Sim, estamos saindo de Londres, da alegria de rever os dias do ano passado quando estive sozinha de corpo, mas que ele, a milhas de distância, viveu comigo. Rever as pessoas passadas que ficaram no coração, guardadas em gratidão, foi uma missão para esse retorno. Meu coração tem dessas manias. Ele coleciona afetos e que chique, de uns tempos pra cá, pelo mundo afora. Meu amor, vem comigo. Vem ver o ser humano espalhado pela ilusão de que, em cada ponto da estrada, encontraremos alguém melhor do que nós próprios.
Estamos juntos nessa jornada chamada amor, em que tentamos seguir um modelo imposto de convivência entre homens e mulheres que aprenderam num passado não muito distante que felicidade, o devir eterno, seria isto, andar de mãos dadas, dormir junto todos os dias, amar apenas aquele corpo com total fidelidade e ser e aparentar ser para o mundo que tudo isso seria para sempre. Então, agora estamos juntos para aprender que todas as formas de amor e de felicidade capazes de manter o mundo em paz, são lindas e bem vindas.
Sim, beijamos na boca apesar dos anos adquiridos. Sim, amamos tanto quanto desejamos e quanto nos é permitido, ainda que de uma forma impressionante algumas pessoas ao nosso redor julguem isso desnecessário ou até mesmo ridículo. Uma vez, uma pobre coitada senhora, ao ver uma foto de um casal maduro que se amava beijando na boca disse aos que estavam ali, vendo as fotos do casal: “Acho ridículo, casal de velhos beijar na boca“. Fui para o banheiro chorar de raiva e de pena dela. Era um casal maduro sim, que naquele momento pensaram ter encontrado a felicidade. E felicidade é bem isso. Felicidade é você, naquele momento, acreditar que é feliz. Isso me marcou tanto, que hoje, mesmo vendo alguns casais maduros beijando na boca, eu, em casal, podendo beijar na boca do meu homem, ou lamentando pelos que não fazem isto, não esqueci.
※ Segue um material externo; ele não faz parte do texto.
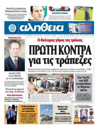 Η «Αλήθεια» γράφει στο κύριο της θέμα, με τίτλο «Πρώτη κόντρα για τις τράπεζες», πως μεγάλη απόκλιση στις εκτιμήσεις Κυβέρνησης – Τρόικας από τις ανάγκες το τραπεζών. Το ΔΝΤ υπολογίζει ότι απαιτούνται 11 δις, η ΕΚΤ λέει 9 και η Κυβέρνηση ρίχνει το ποσό στα 5 δις. Αλλού η εφημερίδα σημειώνει πως στο 74,6% του ΑΕΠ εκτοξεύθηκε το δημόσιο χρέος. Σε άλλο θέμα αναφέρεται σε «διπλό όχι στον Μαλά με το καλημέρα» από ΔΗΚΟ και ΕΔΕΚ, που απάντησαν ότι δεν είναι όμορες δυνάμεις στην πρόσκληση του υποψηφίου προέδρου για συνεργασία.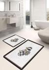 Modern banyolara uyum sağlayan damask desenli siyah ve kahverengi çerçeveli bu paspas takımı, hem fonksiyonel hem estetik çözümler arayanlar için ideal tercihtir.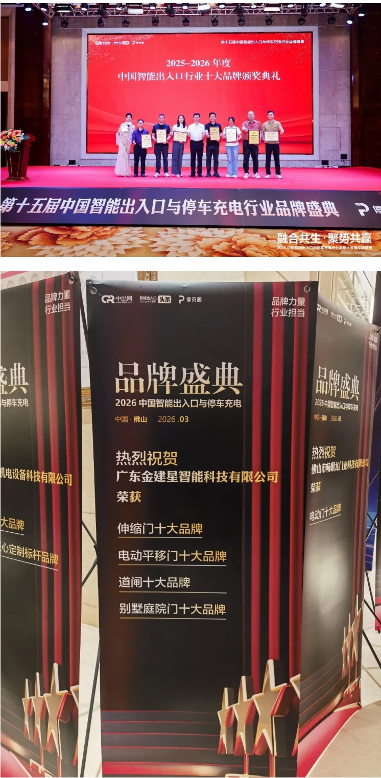 第十五届智能出入口与停车充电行业颁奖盛典在佛山顺利召开。在会上建星荣获“电动平移门十大品牌”、“伸缩门十大品牌”,“道闸十大品牌”“庭院别墅门十大品牌“战略合作伙伴”等几项大奖。

Bom, mas a vida segue comigo madura, beijando na boca. Felizmente.
Eu estava aqui pensando, digitando, nesse trem, andando de costas, fingindo não estar vendo meu bem me fotografar o quanto sou feliz, fingindo não estar vendo meu bem me fotografar enquanto escrevo. Ele, lindo, praticando fotografia. Maduro, vivido, sofrido, com tantas histórias e tão disposto a ser feliz. Às vezes tão mais disposto do que eu, outras menos, mas juntos, tentando registrar a vida a partir de nós e através de um olhar que espera ao menos mais 20 anos desses, em que a gente acredita que pode ser feliz para sempre. Sabe, felicidade pode ser isso mesmo. Acreditar que nesse momento a gente é plenamente feliz.
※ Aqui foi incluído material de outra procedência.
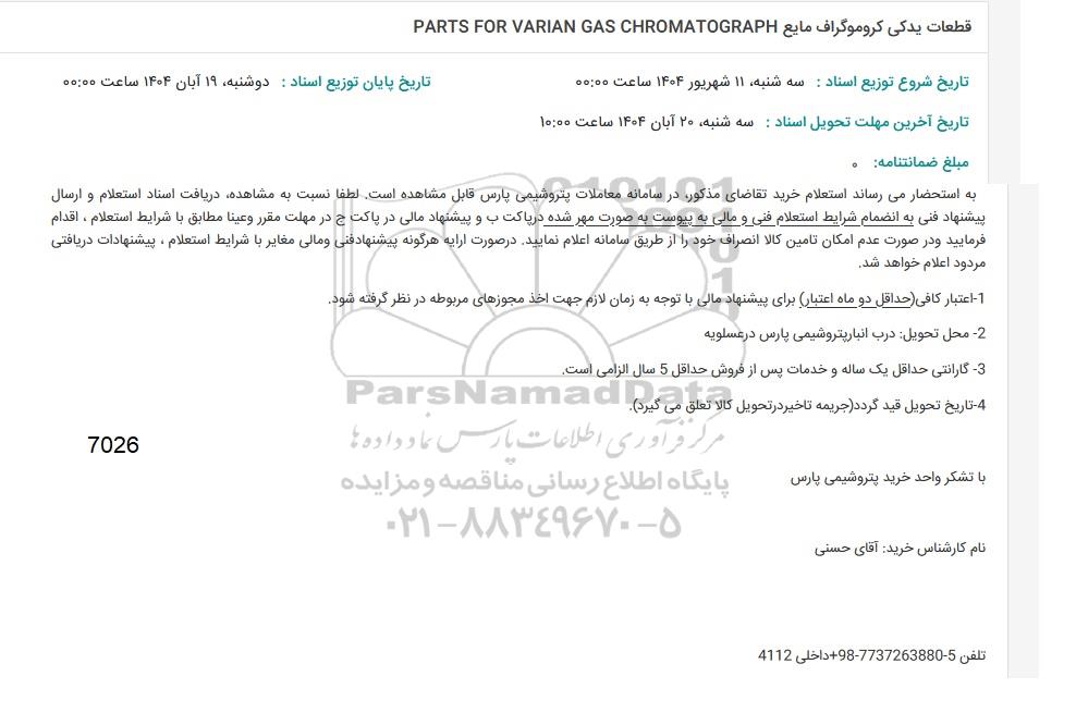 استعلام بها و موضوع استعلام استعلام قطعات یدکی کروموگراف مایع PARTS FOR VARIAN GAS CHROMATOGRAPH به اطلاع کلیه شرکتها و افراد متخصص واجد شرایط میرساند، آگهی گذار در نظر دارد از طریق استعلام بها، نسبت به انتخاب و دریافت پیشنهادات اقدام نماید. این استعلام با کد آگهی ثبت شده در سامانه خبرگزاری پارس نماد : 9801616 منتشر شده است. مشخصات استعلام : تاریخ شروع استعلام: 1404/08/13 آخرین مهلت ارسال پیشنهاد قیمت : 1404/08/19 و محل اجرای پروژه : استان بوشهر میباشد. استعلام قیمت مورد درخواست : استعلام قطعات یدکی کروموگراف مایع PARTS FOR VARIAN GAS CHROMATOGRAPH با دستهبندیهای تخصصی و گروه های مرتبط : ابزار دقیق, خدمات و تجهیزات آزمایشگاهی و پزشکی, تجهیزات نفت و گاز, استعلام اطلاع رسانی میگردد.

Você tem um amor? Tem um companheiro bacana com muita ou alguma afinidade? Sai por aí. Tira os pés do chão ao menos um pouquinho. Pra ir aonde? Sei lá. Vai até onde vocês acreditaram que a felicidade estava um dia, unindo vocês em corpo e desejo sincero de seguirem. Vai, convida seu amor pra irem por aí. Vai até a esquina tomar um chopp ou três até se virem rindo, até esquecerem que alguém possa achar ridículo aquele beijo na boca que rolou. Vai pra dentro quarto, tranca a porta e deixa rolar. Vai pra Europa, Jericoacoara, ou sei lá. Para de acumular. Vai até aquele lugar onde exista algum encantamento, aquele que não pode faltar para um casal permanecer junto. Vocês se esqueceram de manter uma dose essencial de encantamento? E ainda estão juntos? Oba, então ainda da tempo de se reconquistarem ou de escolherem não viver juntos até o fim, e mal. De escolherem seguirem em voo solo, mas felizes. De viverem a sobreviverem. Todo mundo tem direito a isto. Todos nós temos.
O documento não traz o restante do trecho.